Without the addition of sugar, which can be used to balance a blend, the wine is laid bare. The effervescence magnifies the pure and natural flavour – and along with it, any possible faults. For Pieter, the grapes provided by vintage 2005 showed great promise for a no-dosage style; an instinct confirmed when he tasted the wine after secondary fermentation.
The wine was left to lie on the lees, or expended yeast, for six years before it was disgorged, at which point it was topped up only with the cuvee. The resulting wine is a purist’s delight: bone dry, ultra crisp and rich in natural flavour, “more its mineral characters than fruitiness” Pieter says – a feature highly prized by wine enthusiasts.
As a bonus, brut zero, or zero dosage wine is lower in calories than its sugar-imbued counterparts; presenting a great alternative for slimmers and those who enjoy lighter style wines.
Graham Beck’s Brut Zero is a perfect accompaniment to salty, flavoursome foods: sushi and crustacean dishes in particular.
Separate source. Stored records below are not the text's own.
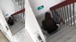 หนุ่มช็อก!! หลังเห็นหญิงนั่งเบ็ด ที่บันไดหนีไฟ
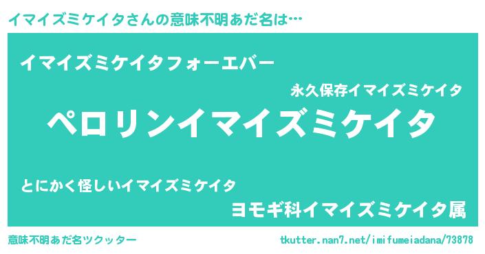 | 男性向けラノベタイトル風あだ名 | 『イマイズミケイタの憂鬱』 |
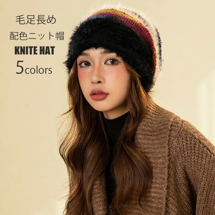 配色ニット帽 大人可愛い 防寒対策 小顔効果 秋 冬 帽子 ニット ニット帽 ニットハット スプライス 女性 おしゃれ きれいめ 大人可愛い
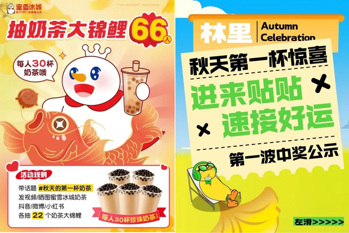 蜜雪冰城的“秋一杯”很让人动心:活动期间,用户在抖音、微博、小红书,带话题“秋天的第一杯奶茶”,发视频/晒图蜜雪冰城奶茶,抽66个奶茶锦鲤,雪王承包1个月的奶茶。
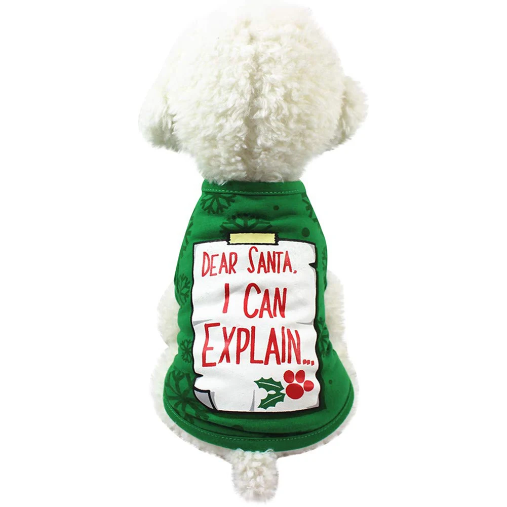 Рождество для питомца щенка кота Одежда для собак милый костюм с буквенным принтом футболка одежда
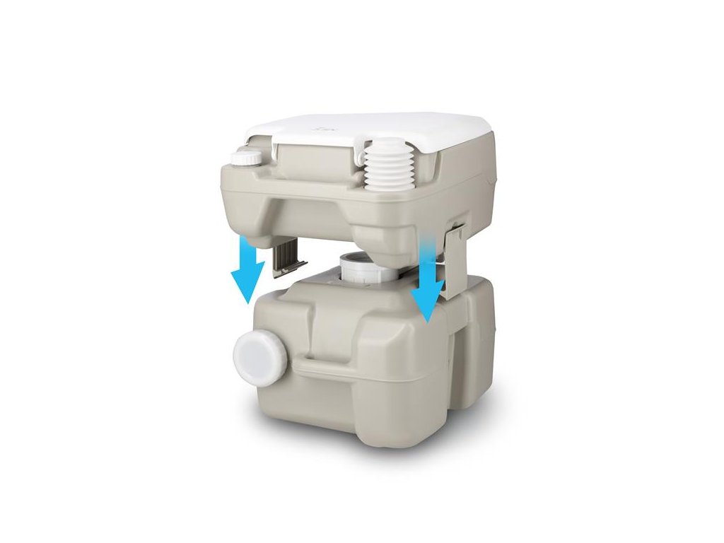 Toaleta je vyrobena z lehkého, ale velmi odolného HDPE, takže je odolná vůči mechanickému poškození a povětrnostním podmínkám. Navzdory svému kompaktnímu tvaru nabízí stabilní a pohodlné sezení s výškou vhodnou pro dospělé i děti. Proces plnění nádrže na čistou vodu se provádí ručně, což dále zvyšuje její nezávislost při používání. Vyprazdňování odpadní nádrže je snadné a hygienické díky širokému vypouštěcímu otvoru.

It joins the ranks of the very few zero dosage wines – these having been virtually non-existent a decade or so ago; a category growing in popularity among chefs, sommeliers and food enthusiasts.
“It’s hard to believe that a no-dosage wine could present so beautifully,” Pieter says. “I hope to see it encourage interest in this more natural style.”
· Zero-dosage wines have existed for more than 100 years, the first being released at a time when champagnes were made almost exclusively with very high levels of dosage. The first brut wine to enjoy commercial success was released by Madame Louis Pommery in 1874; though brut zero only appeared in the 19th century.